Nasty and simple. The book has some strong elements, particularly some of the language which made my toes curl, which was a surprise, as they don’t curl easily. Óli attends a reunion, which is innocent enough, to introduce us to the life of a Reykjavik police officer. It is a gathering where there is a diverse range of people.

“…one of the two vicars in the group, he was descended from priests on both sides of the family and had never harboured any other ambition than to serve the Lord not that he was the sanctimonious type; quite the opposite: he liked a drink, had an eye for the ladies and was already on his second marriage.”

The week takes a different turn when he meets with Patrekur who makes his move on his old friend, Óli. It is not only that he is is a friend but a policeman and uniquely positioned to offer a particular type of assistance to Patrekur.

“Are you familiar with the term ‘swinging’?” Patrekur asked now.

“No, what, you mean dancing?”

Patrekur’s lips twitched. “If only.”

Óli would have been best to leave it at that but then, of course, we wouldn’t have this journey which takes us into quite a few different sections of Icelandic society, some respectable, like the police and the bankers and the housewives and the plumbers and some not so, like the angry, strong arm debt collectors, surly young offenders with range of expletives to make one of the vicars at the party, blush. Yes, he would have been well advised to leave it all alone, but he doesn’t.

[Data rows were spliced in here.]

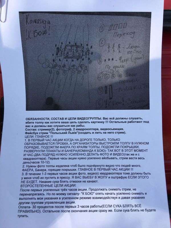 Правоохоронці вилучили в організаторів провокації письмові та електронні інструкції щодо порядку її організації і проведення, а учасників ‒ фаєри, димові шашки.
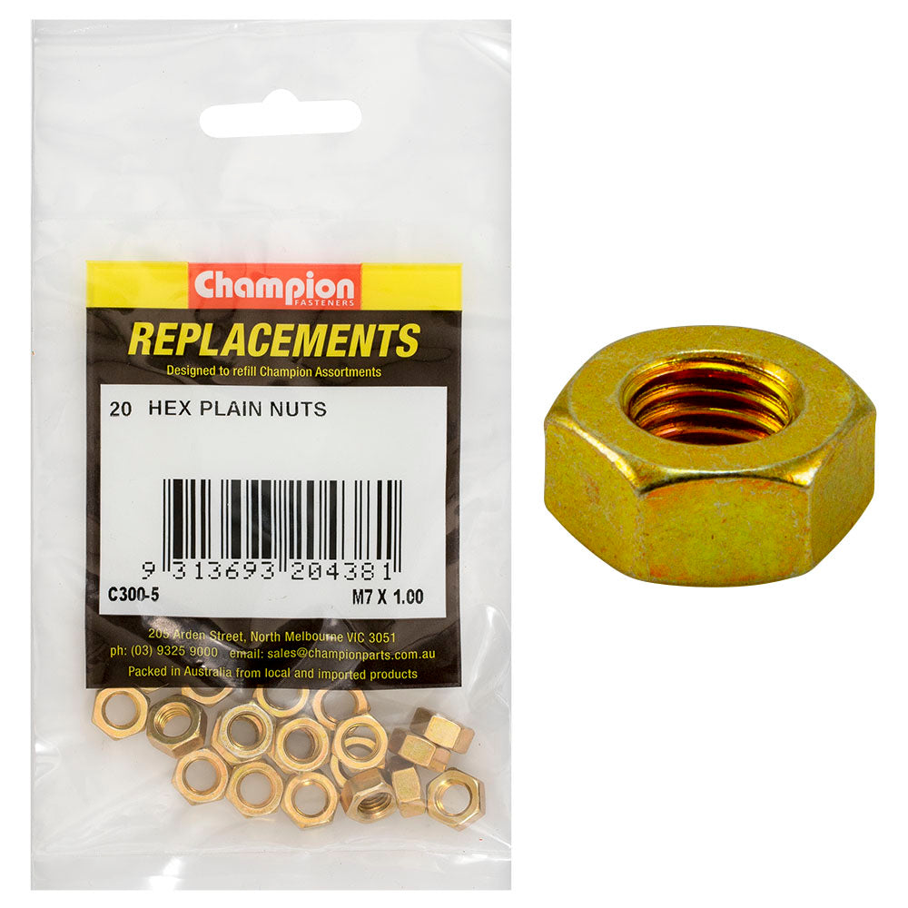 C300-5 | Champion M7 x 1.00 Plain Hex Nut -20pk
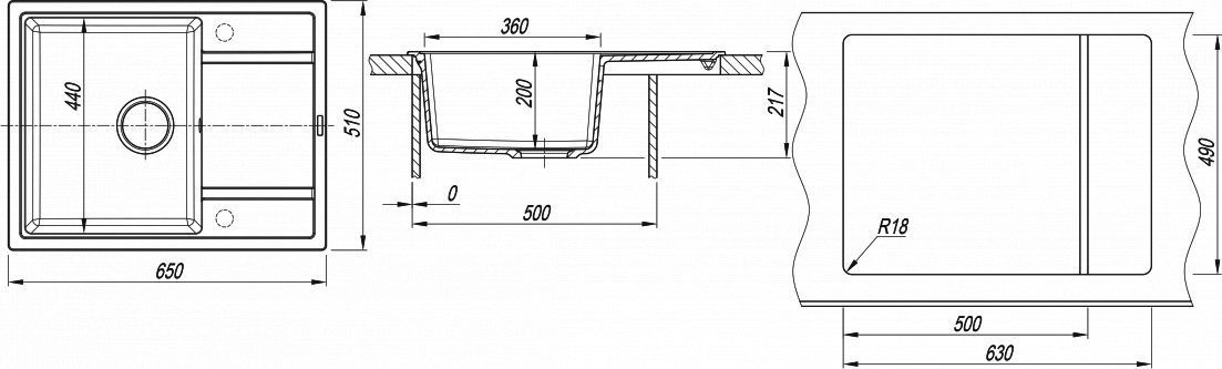 Врезная установка - способ установки, при котором в столешнице вырезается отверстие под размер мойки. Данный параметр подразумевает, что мойки будут устанавливаться поверх столешницы. Как правило размер отверстия под мойку на 2 см (20 мм) меньше внешнего размера мойки. Пример: Внешний размер мойки - 800х500 мм. Размер отверстия под данную мойку 780х480 мм.
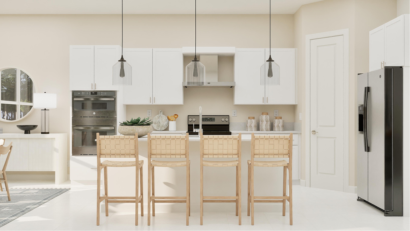 Step inside the Vienna and be welcomed by a thoughtfully designed foyer that leads to a bedroom and full bathroom at the front of the home, ideal for guests or multi-generational living. The open-concept main floor seamlessly connects the kitchen, living, and dining areas, creating a bright and inviting space perfect for entertaining or daily family life. The kitchen boasts modern finishes and ample counter space, making meal preparation both convenient and enjoyable. Adjacent to the living areas, a spacious lanai extends your living space outdoors, providing the perfect setting for relaxation, gatherings, or enjoying Florida’s beautiful weather.
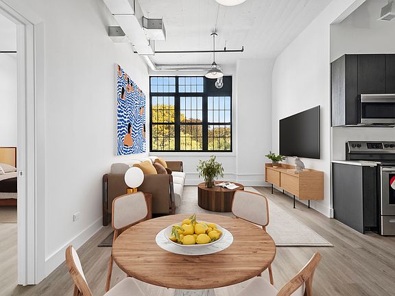 Discover luxury living with these thoughtfully designed apartments, offering an impressive array of features. The expansive, loft-like ceilings and oversized windows flood the space with natural light, creating a bright and airy atmosphere. Elegant hardwood flooring runs throughout each apartment, adding warmth and a touch of sophistication. The open-concept floor plans provide flexibility, perfect for a variety of lifestyles.
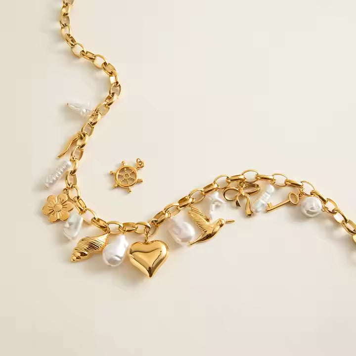 Crafted from stainless steel with 18k gold plating, the Tide Charm Necklace is waterproof, tarnish-resistant and designed for everyday wear. Its classic chain design makes it perfect for layering or building your own evolving charm collection.
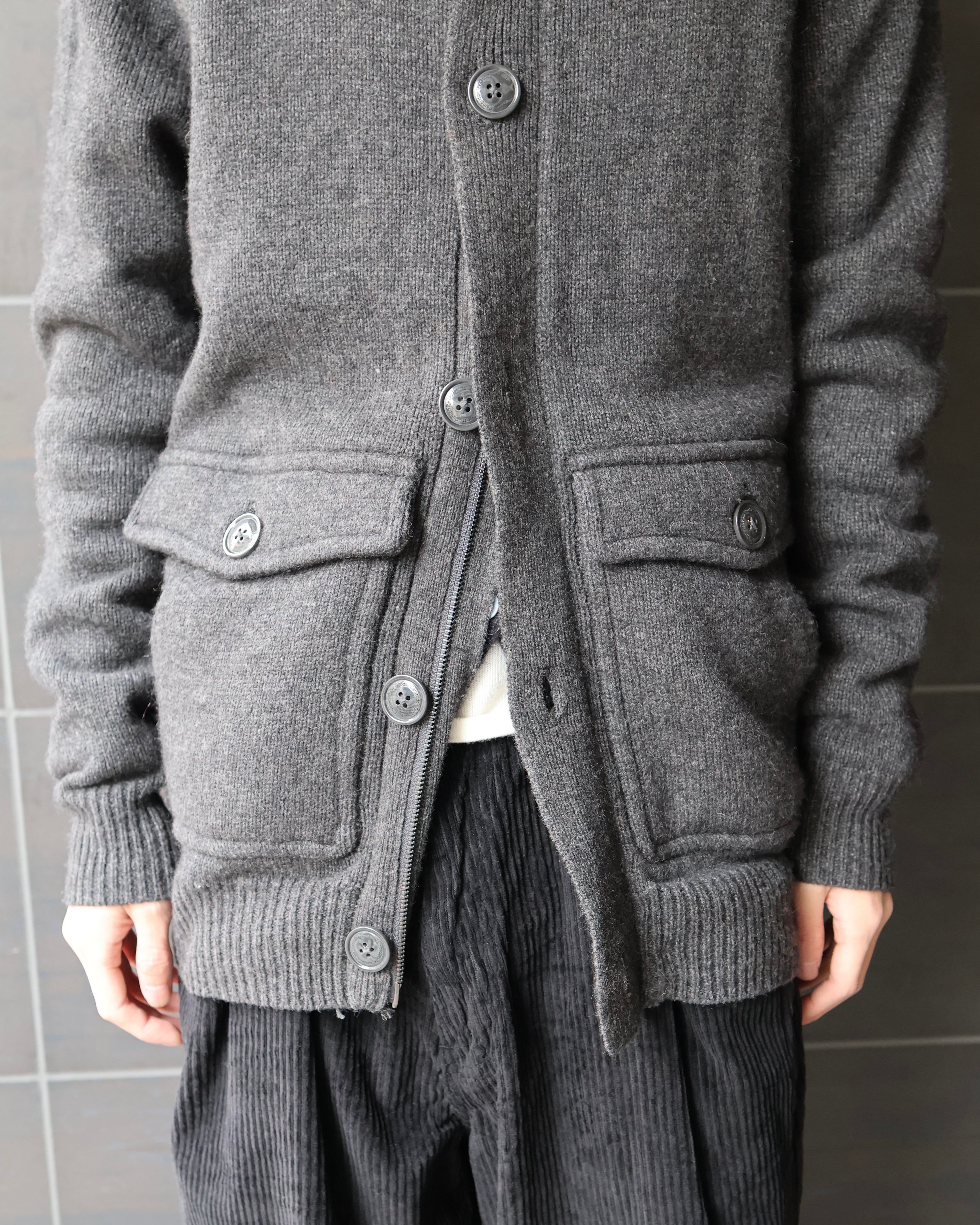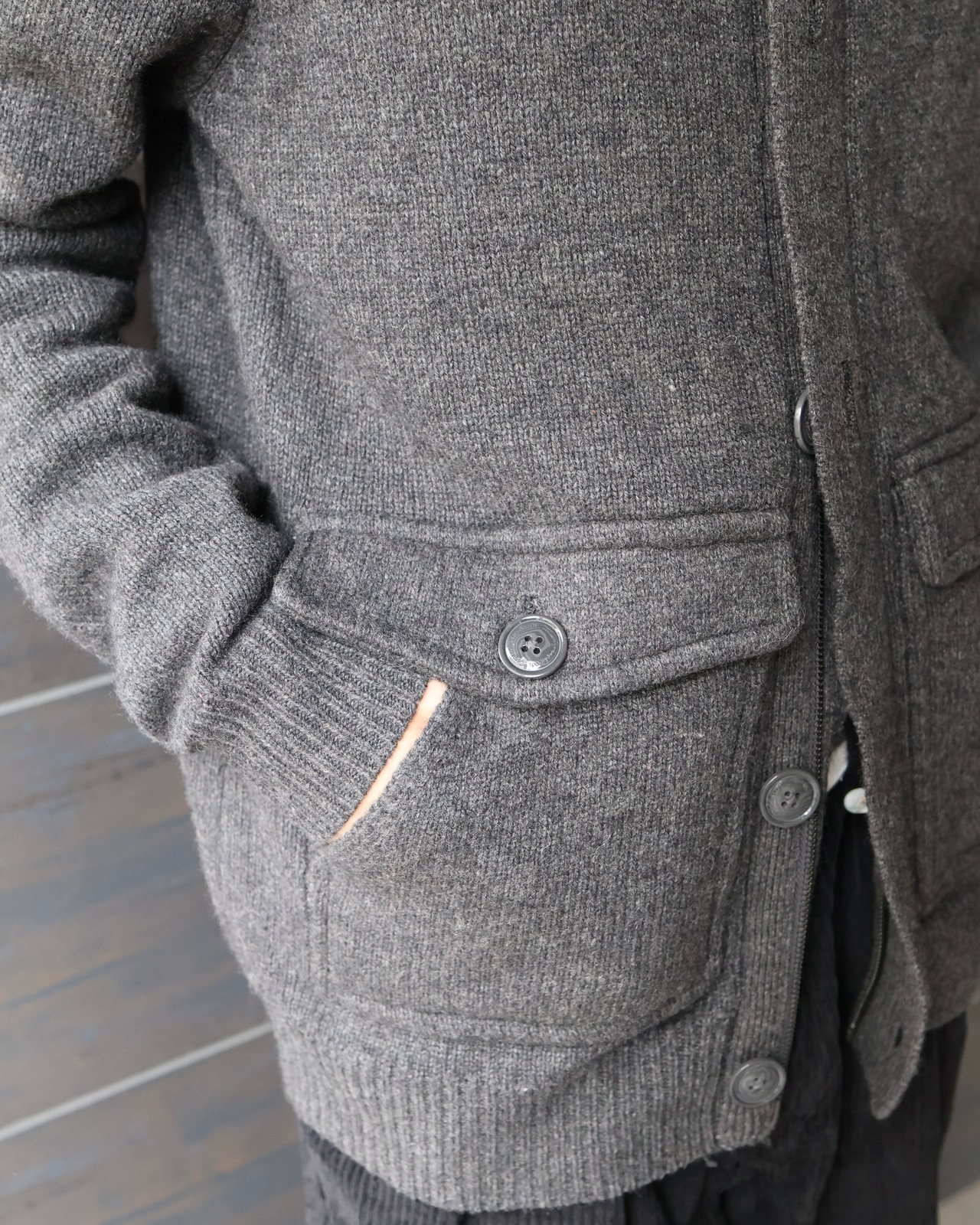 しっかりとしたリブ編みの襟と袖口、大きめのボタンとダブルジップが特徴。やや長めの着丈とフラップ付きポケットがデザインのアクセントとなり、一枚でもアウターとして着用可能。
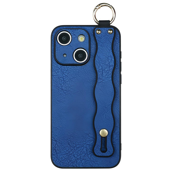 For iPhone 14 Wavy Wristband Bracket TPU Phone Case(Blue)
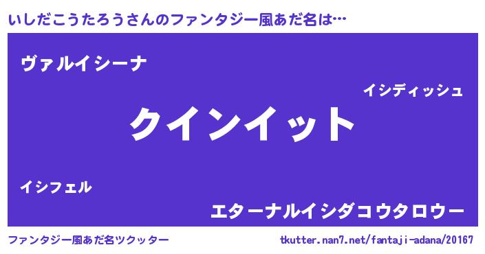 | 男性向けラノベタイトル風あだ名 | 『ノーゲーム・ノーイシダコウタロウ』 |
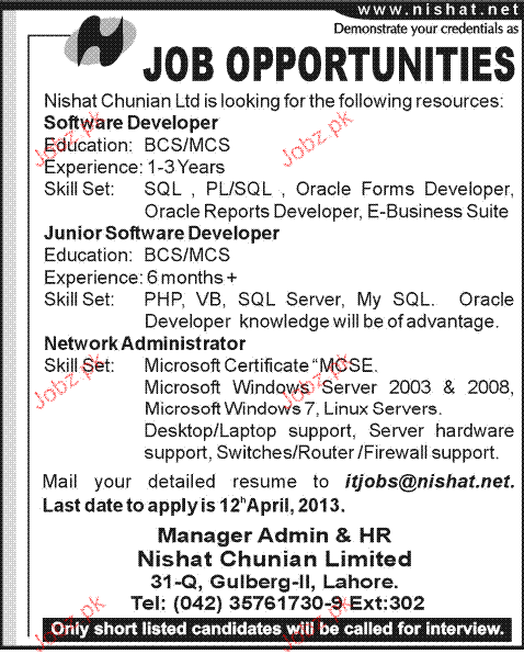 Apply as per details in job advertisement. Login to view further details of how to apply via https://www.jobz.pk online.
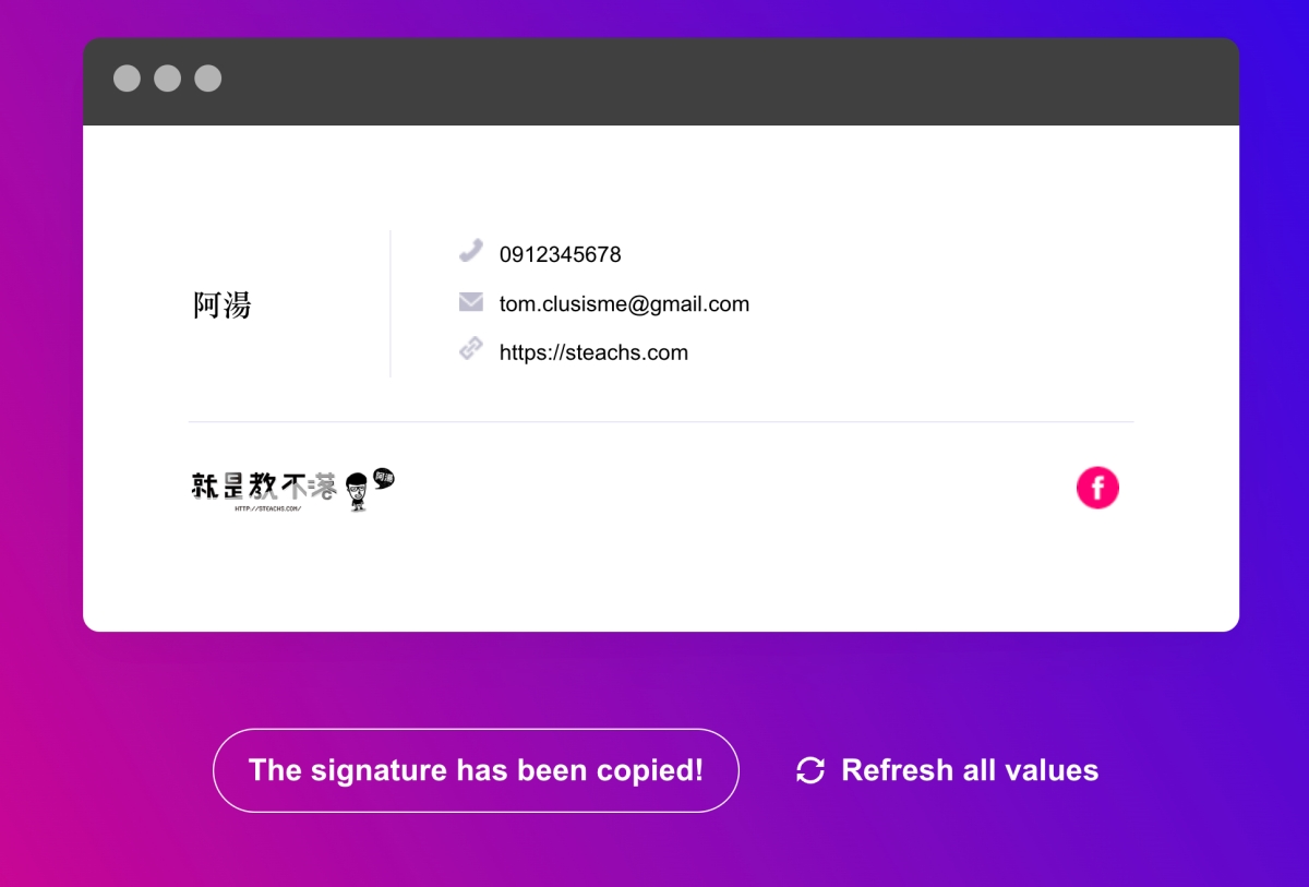 阿湯就先隨便選擇一個,設定好後按下 Create signature,就會複製到你的剪貼簿了。
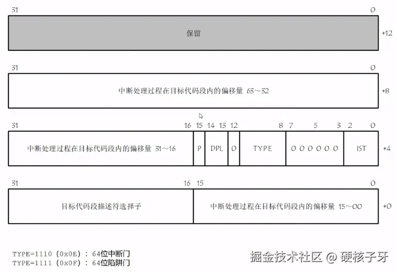 但是这里面每个value有点复杂,是一个中断门描述符。你说这东西没人教怎么学得会?我是觉得操作系统没人教是真的学不会,我自己也是跟老师学才学会的。有人教学起来还算简单,没人教根本无从学起
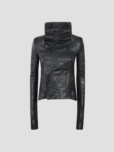 Naska Biker Black Jacket With Oversized Funnel Neck And Double-breasted Closure In Leather Woman
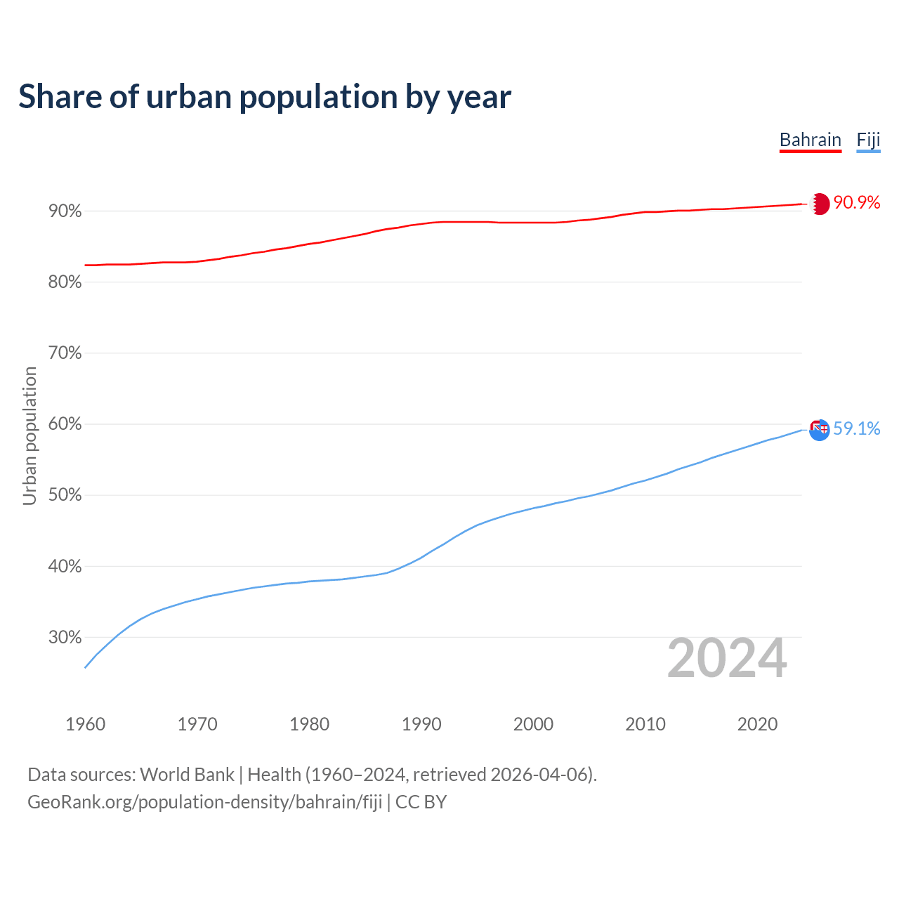 From 2004 to 2024, the share of urban population changed from 88.6% to 90.9% in Bahrain and from 49.5% to 59.1% in Fiji.

Patrekur has got himself into some bother, with the particular taste for “swinging” he shares with his wife. Photographs have been presented by a blackmailer and they are going to be plastered all over the internet, unless some proper money is produced for their exchange. Óli goes to pay the woman, who Patrekur says is attempting to blackmail him and his wife, a visit. He is intending to talk to her, find out what’s what, and then suggest that it is a road she and her husband probably don’t want to go down. The motive for the blackmail would appear to be that of money. The opportunity has arisen as Patrekur’s wife is connected politically, and photos of sexual aerobics with people they are not actually married to will get a real scandal going, even in this day and age.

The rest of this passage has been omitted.